_TASK OBJECTIVE_. Using the data below, print exactly the line with "Uitgang: AC 200", the line with "BALIZA COCHE V16 GEOLOCALIZADA TELEFÓNICA", and every line between them, but none of the pictures.
____ DATA EXTRACTS
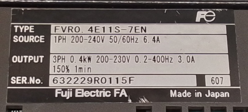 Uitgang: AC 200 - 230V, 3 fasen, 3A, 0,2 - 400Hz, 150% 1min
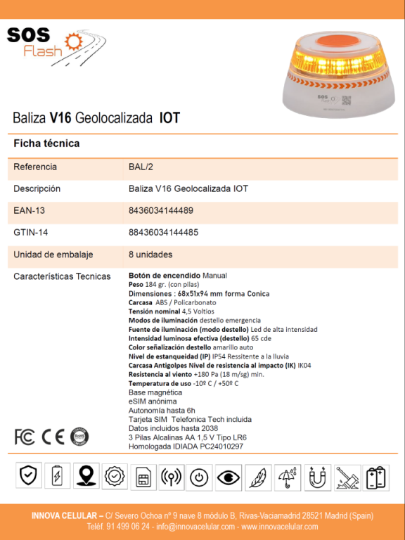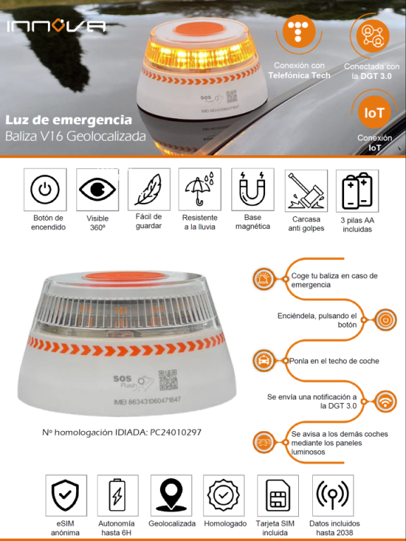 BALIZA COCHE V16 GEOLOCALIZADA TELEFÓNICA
________
____ DATA EXTRACTS
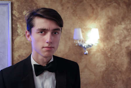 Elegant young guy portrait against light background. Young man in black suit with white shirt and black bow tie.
________
_WRITTEN REPLY_.
 Uitgang: AC 200 - 230V, 3 fasen, 3A, 0,2 - 400Hz, 150% 1min
 BALIZA COCHE V16 GEOLOCALIZADA TELEFÓNICA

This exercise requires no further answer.